Waking up this morning to the news about the FISA court, I had to check the date. It felt like I was back in 1973 and experiencing Watergate all over. With Watergate and Nixon, it was news morning and night, every day something new breaking. The only difference was that there was no 24 hour coverage. It was the broadcast networks and the Washington Post leading the coverage.
Today’s breaking news from the Trump tweets was not really a surprise in the sense that I had been reading about this for several days. But what was the surprise was Trump firing both barrels this weekend on the tapping. I did not expect the “opening” of this new “front” in the war for his Presidency. (Do I believe the reports? Yes!)
The essential elements of the story is that in Jun 2016, after it was clear that Trump would be the nominee, the FBI Counter Intelligence Unit drew up a warrant to take to the FISA Court to allow for wiretapping of Trump and his people. The warrant was rejected.
In October, the Counter Intelligence Unit drew up a new warrant. This focused upon the Trump server and belief in banking or financial improprieties done over the server, a very “questionable” claim being made. FISA granted the request to “wiretap” the server.
A significant part of the population has never heard of the FISA Court, so it is important to provide information on how the Court operates to understand the “duplicity” of the DOJ in going to the Court for a warrant.
The FISA Court (Foreign Intelligence Surveillance Court) was created in 1978 through the Foreign Intelligence Surveillance Act.
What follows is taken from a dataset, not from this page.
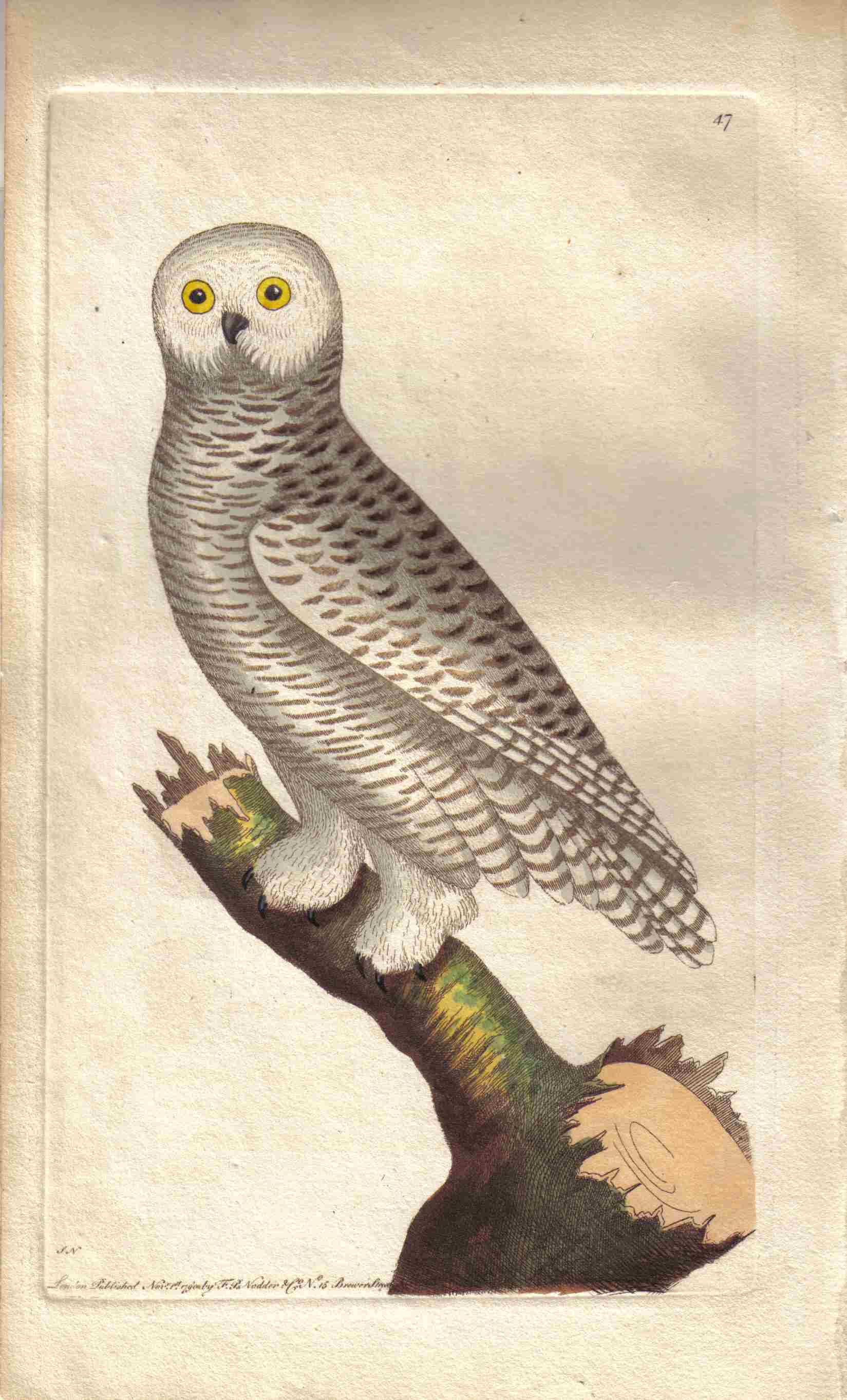 Bubo scandiacus. This picture is from the survey for the US Pacific Railroad, in particular from the report by Lieutenant Henry L Abbot, on the routes in Oregon and California explored by parties under the command of Lieutenant R. S. Williamson, in 1855 (from the Sacramento Valley to the Columbia River).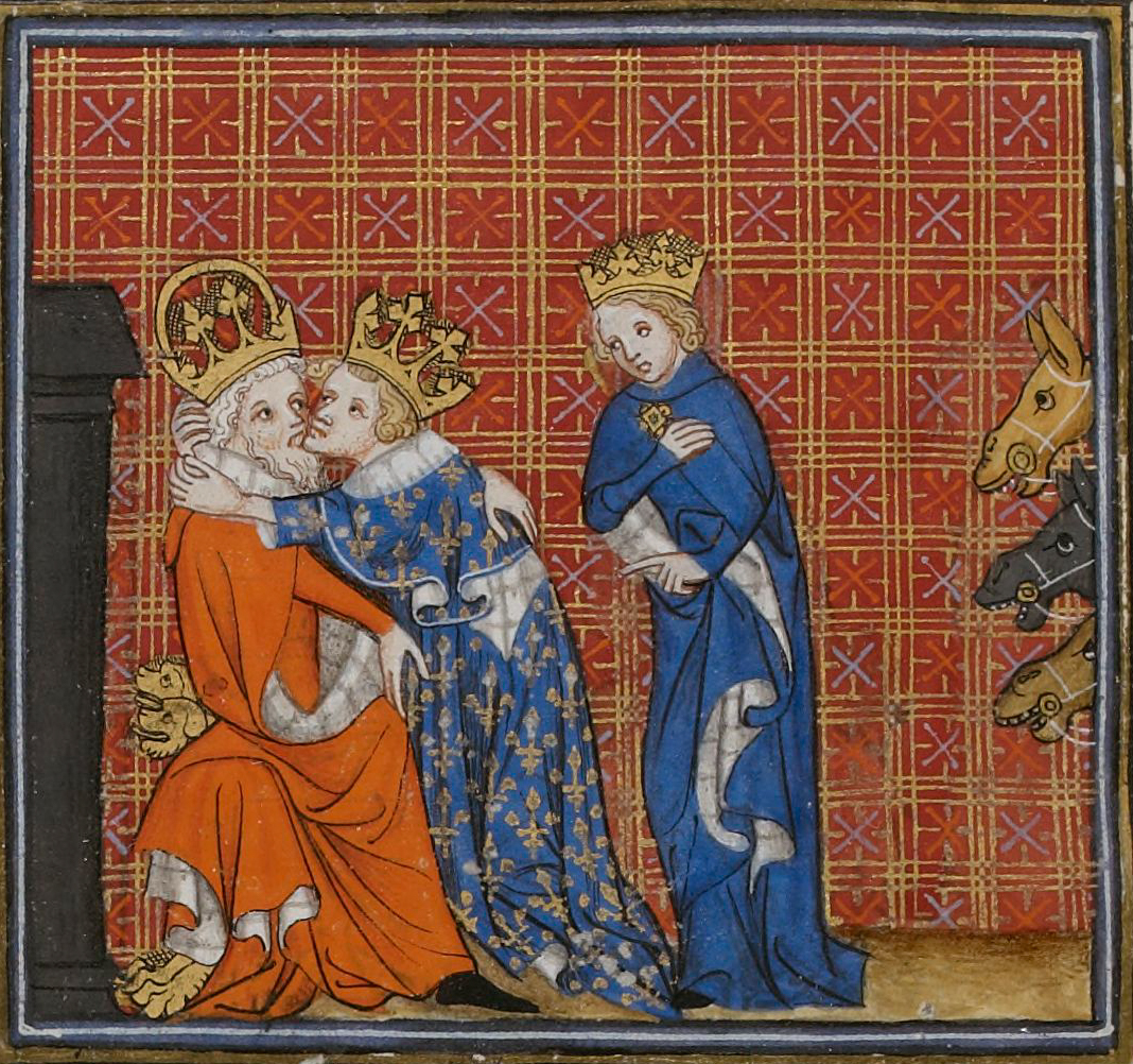 Wenceslaus IV, king of Bohemia + King Charles V of France +Emperor Charles IV

It was created as oversight for agencies like the FBI and NSA when surveillance of foreign agents were needed. The agencies would go to the Court for wiretaps, etc., and depending upon the evidence presented, authorization would be given.
FISA granting of warrants is pretty much a “rubber stamp” action. From inception of the Court to 2013, there have been 33,942 warrants, with only 12 denials. So the refusal of a warrant by FISA is a big deal.
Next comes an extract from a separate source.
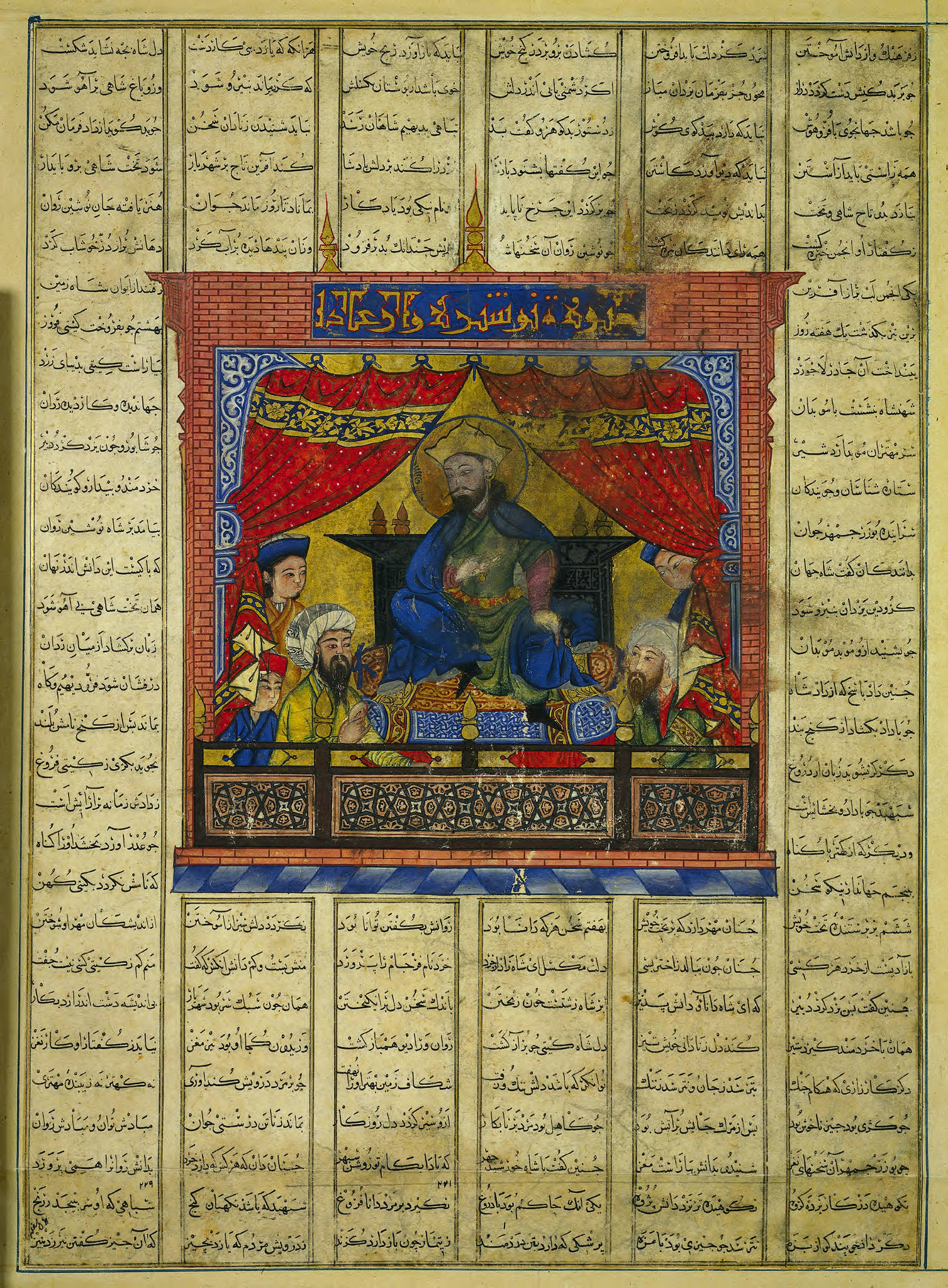 Anushirwan Holds a Banquet for his Minister Buzurgmihr: Illustration from the "Demotte" Shahnama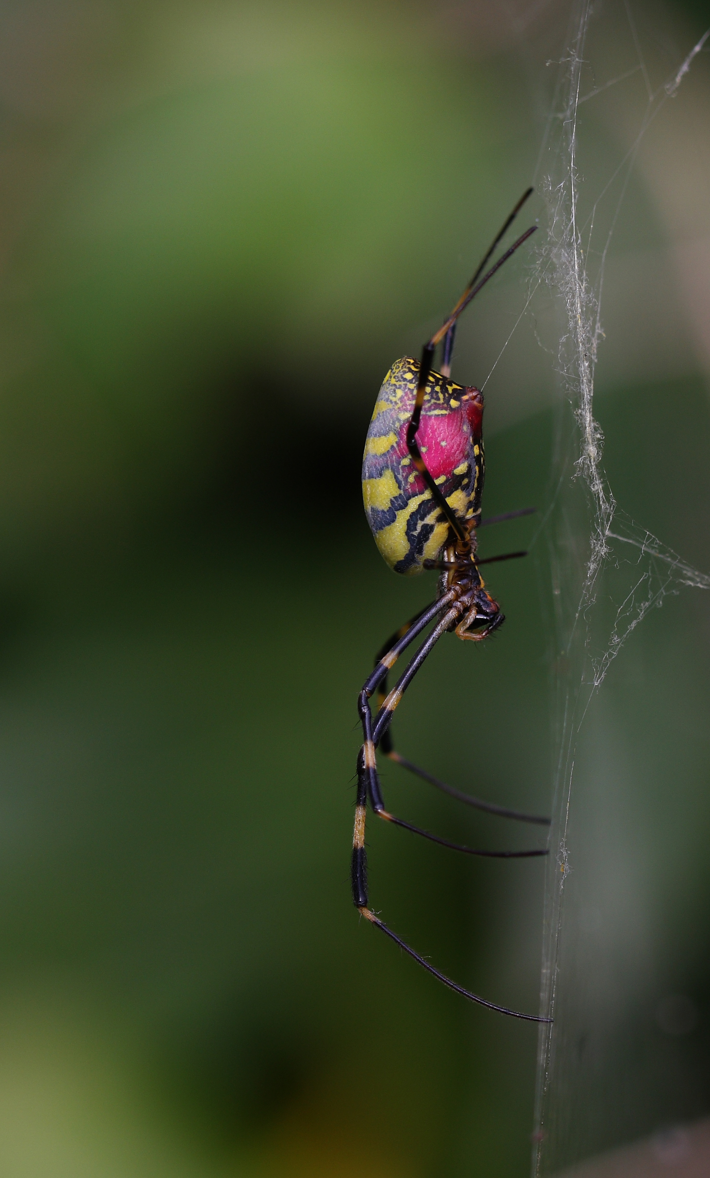 Spider Nephila clavata (Female).

When a situation arises and the FBI feels the need for a warrant, they draw up the request and take it to the Court. A single judge hears the request and then grants the warrant. There is not a multi-person review of the request.
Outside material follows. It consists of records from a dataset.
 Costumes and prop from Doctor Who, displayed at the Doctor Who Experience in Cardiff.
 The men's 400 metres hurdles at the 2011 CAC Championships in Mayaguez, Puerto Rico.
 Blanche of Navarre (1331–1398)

There is a glaring exception to the standard procedure for a FISA request. If the US Attorney General believes an emergency exists, he can immediately order that surveillance start without FISA approval. He only needs to inform the Court that an emergency exists, and then apply for the warrant within 7 days of approving surveillance to begin. For a corrupt Attorney General, this exception offers the ability to initiate surveillance without cause and end it quickly if a FISA Court denies the approval.
The FISA Court is a “Secret Court”. The public cannot attend hearings, and the results of the hearings are never published. When a hearing occurs, it is only the Judge and the Government Attorney. No one else is present, so there is no “rebuttal” by defendants to requests for warrants.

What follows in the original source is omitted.